Nina Kosterina (1921 in Baku - 1941) was a Soviet partisan and diarist. Her father was a journalist. She joined the Komsomol in 1936. In her diary, she described her life from 1936 until her death. She died during a partisan mission which started on 14 November 1941.

==Biography==
===Early life===
Nina Kosterina was born in a revolutionary camp just as the Russian Civil War was ending and the birth of Communism in Russia was getting under way. Her early life mirrored the struggle of millions of Russian citizens as they attempted to stabilize their world. Her father, Alexei Evgrafovich Kosterin, was a Bolshevik agitator who was arrested twice and spent three years in prison for his role in the uprising against the Czar in 1917. He married Anna Mickhailovna sometime between 1918 and 1920. Nina was their first child.

Settled in Moscow by 1922, the Kosterin family proudly supported the new government. Kosterina began her training early as a young Communist, influenced by her family's politics and the infusion of Communist philosophy into the education system. In 1925, the family welcomed a second child—Lelya. During this period, a power struggle was playing out between Soviet leader Vladimir Lenin and two other top leaders, Leon Trotsky and Joseph Stalin. Stalin emerged as the winner. Food was scarce throughout the country and the grand experiment of Communism was undergoing growing pains as Soviet leaders tried to follow Marxist principles but salvage the country's economy.

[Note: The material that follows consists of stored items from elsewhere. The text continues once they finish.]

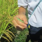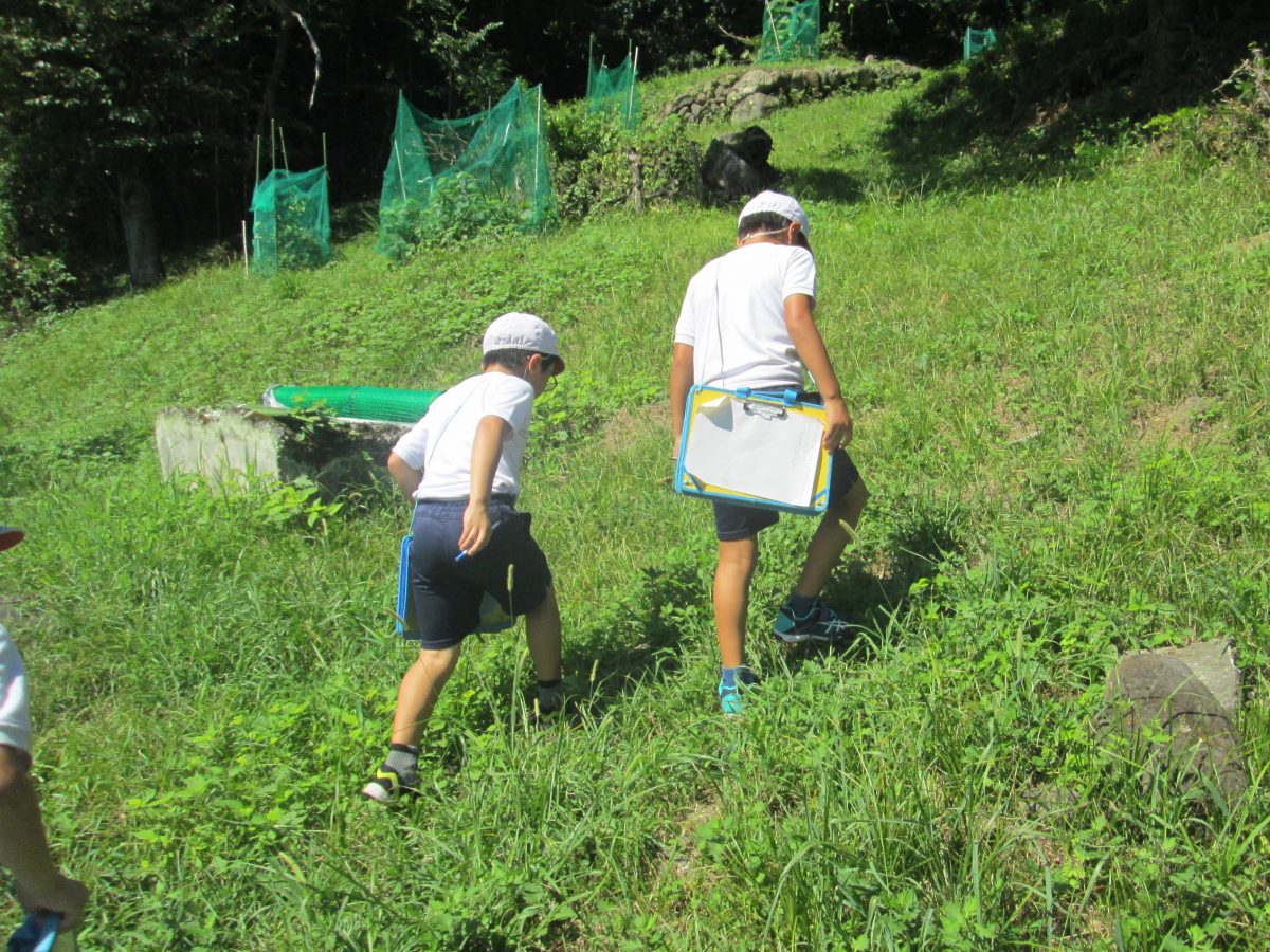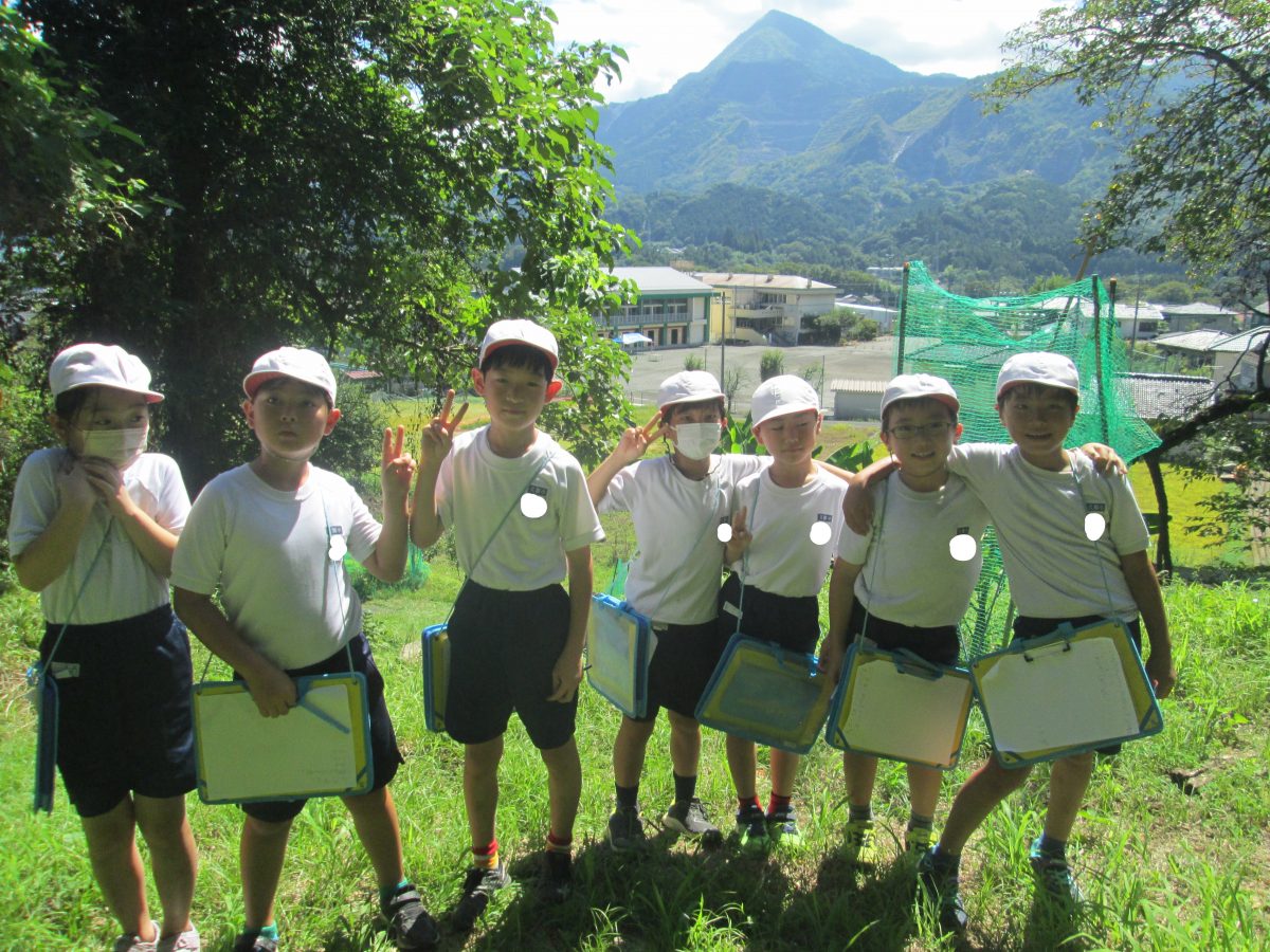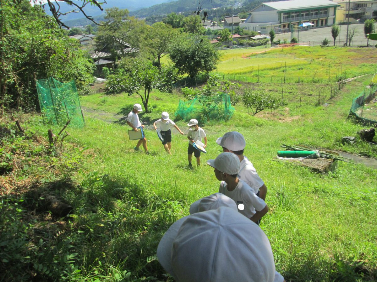 9月5日(火)、今日は3年生が果樹園で昆虫を探して、理科「昆虫のすみか」の学習をしました。果樹園に行くまでにもたくさんの昆虫を見つけました。久那小学校の果樹園は、たくさんの昆虫のすみかになっていることがわかったようです。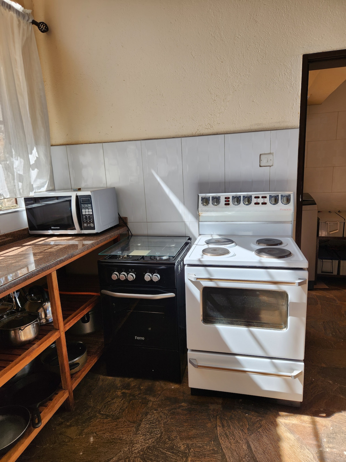 Protea Heights Nyanga Retreat es una casa de 4 dormitorios en un suburbio pacífico y de baja densidad en Nyanga. Todos los dormitorios tienen baño privado. El agua está garantizada y la electricidad se complementa con un sistema solar y una cocina a gas. Wifi y DSTV de cortesía. Hay un quemador de leña para la calefacción. La cocina tiene un lavavajillas. Hay una lavadora para tu ropa sucia. Relájate y recarga las pilas disfrutando de lo que ofrece esta casa o haz excursiones de un día a las cataratas Mutarazi, la visión del mundo, las ruinas de Ziwa y el parque nacional.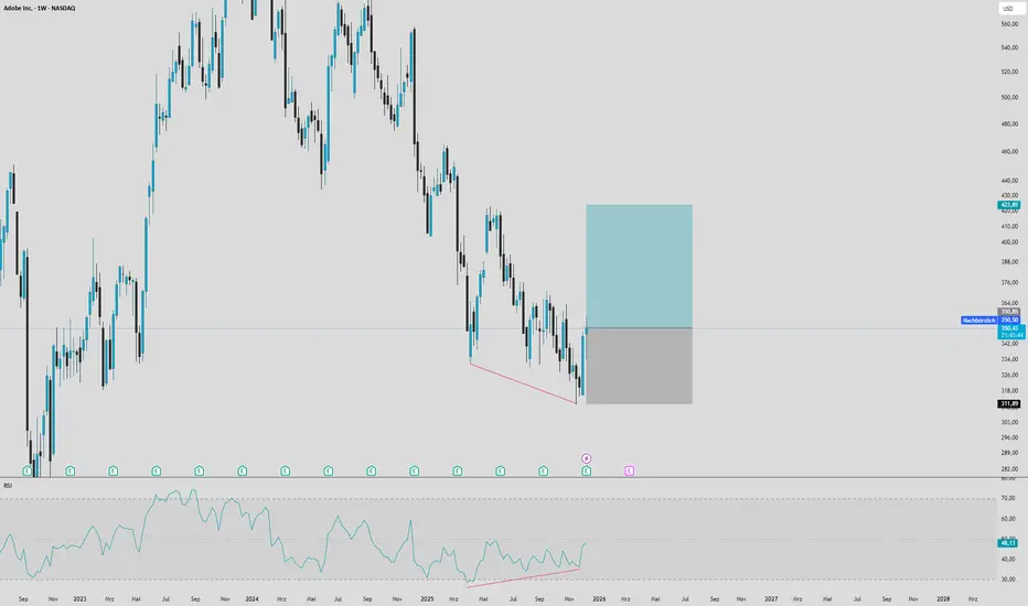 Bullishe Divergenz auf ADBE auf dem W1 Chart.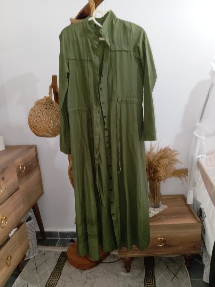 Kahverengi uzun keten elbise, bol kesim, uzun kollu ve yakalıdır. Bel kemeri ile bohem tarzı günlük kullanım için uygundur.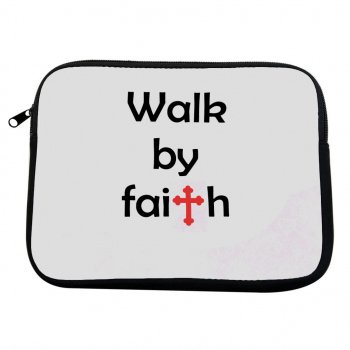 Walk by Faith 2-Sided Print Mac Book Pro 14″ Sleeve – Word Art Laptop Sleeve – Christian Mac Book Sleeve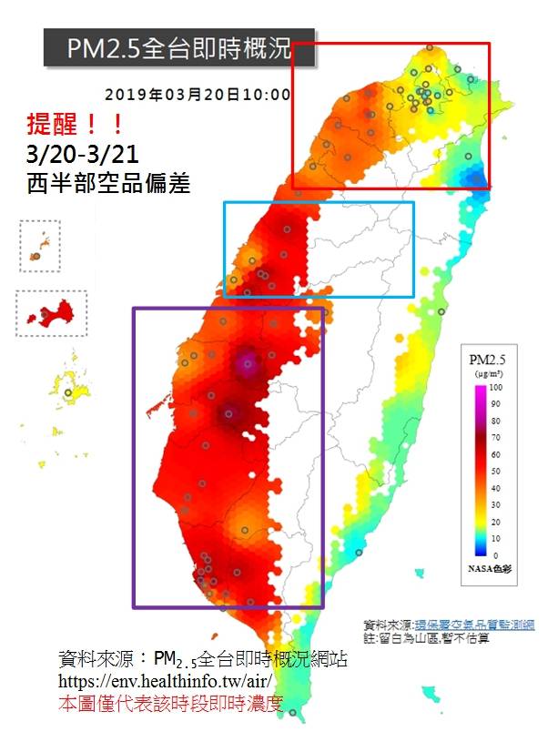 環保局提醒,請隨時注意空品狀況,敏感族群民眾或是老人、小孩等抵抗力較弱者,請減少劇烈活動,宜避免在戶外長時間活動,必要時應戴上口罩。掌握空品即時狀況可至《環保局空氣品質監測網》(http://bit.ly/1PYK6fP) 、《臺中市空氣品質資訊服務網》(https://aq.epb.taichung.gov.tw/TccgAIR/index.html )、《臺中空氣頻道》(http://bit.ly/2CXfbTZ)查詢。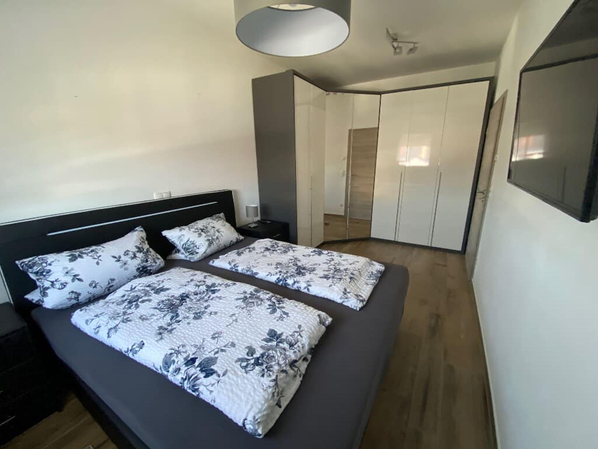 Das Ferienappartement ist hochwertig und modern eingerichtet. Mit einer Größe von 65 qm ist die Wohnung für bis zu 4 Personen geeignet. Es besitzt 1 Schlafraum mit Doppelbett sowie ein Bett und ein Schlafsofa im Wohnaufenthaltsraum. Die Küche ist komplett ausgestattet (Kaffeemaschine, Wasserkocher, Toaster, Herd, Backofen, Geschirrspüler, Kühlschrank, Gefrierfach, Geschirr, Besteck, sonstige Küchenutensilien). Der Wohnbereich ist mit einem Esstisch, einem Sofa und einem SAT-TV ausgestattet.
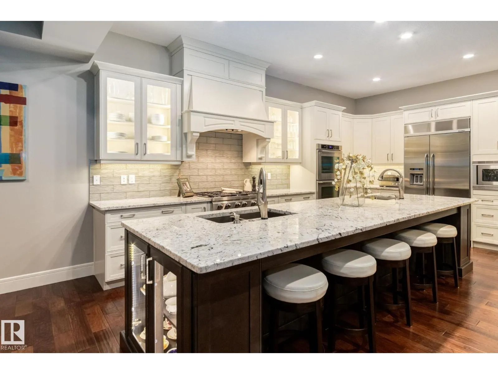 Set on a quiet cul-de-sac in prestigious Westpointe, directly across from the ravine & on a 1/3-acre lot, this stunning walk-out estate offers a rare blend of luxury, scale, & thoughtful design. The chefâs kitchen is beautifully appointed with premium Dacor appliances, a stunning 13' island, & a fully equipped butlerâs pantry. Entertaining is effortlessly elevated in the formal dining room with tray ceiling details & the living room with rich coffered ceilings. Created for seamless main-floor living, discover an elegant primary retreat complete with a fireplace & spa-inspired en-suite. Upstairs, a spacious family lounge overlooks the grand foyer, while 3 bedrooms that each enjoy their own en-suite. The lower level offers a sophisticated wet bar, glass wine room, theatre, gym, bedroom, & covered patio. Finished with practical luxuries including Hunter Douglas blinds, whole home sound, triple heated garage, & Built Green efficiency. Direct access to river valley trails, sought after schools & amenities. (id:27476)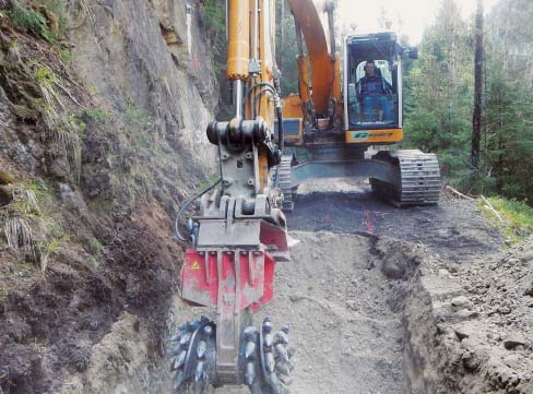 Eine weitere Herausforderung für das beauftragte Bauteam war der felsige Untergrund im oberen Almweg. Der Vorteil einer Rohrkünette im Fels (Bild 8) liegt vor allem darin, dass die Standfestigkeit einer darin eingebauten Druckrohrleitung markant erhöht wird. Allerdings war die Herstellung alles andere als einfach.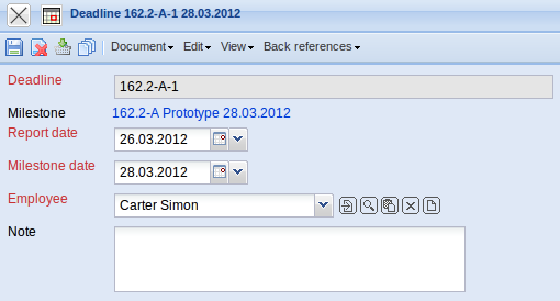 - Employee: This field specifies the editor of the data record (the project employee) who defines the trend date for the selected milestone.

Kosterina apparently struggled with early learning but persisted in her studies for the next several years, greatly inspired by revolutionary teachings, her "job" as an activist and her love of learning. During this time, she began a diary (at age 15) and was soon after accepted into the Young Communist League known as the Komsomol.

===Career===
Kosterina started her diary by calling herself "an ordinary girl." This diary became a window into her world until her death in 1941. From it, she emerged as a strong-headed, reflective, sometimes brooding teen who took herself and the world seriously. She was passionate about the arts and her role as a Young Communist. She wanted to be on a good path as a person and she was honest with herself when she struggled. She also used her diary to chronicle her roller-coaster friendships with a girl named Lena Gershman and a boy named Grisha Grinblat.

In 1936, Kosterina welcomed another sister—Vera—and also said good-bye to her father as he was sent to the Russian Far East on assignment. She would never see him again. While away, Alexei fell out of favor with Stalin's increasingly paranoid government. He was eventually sent to a prison gulag as a "dangerous social element," a fate suffered by many during the worst of the Stalin years. He remained imprisoned throughout World War II.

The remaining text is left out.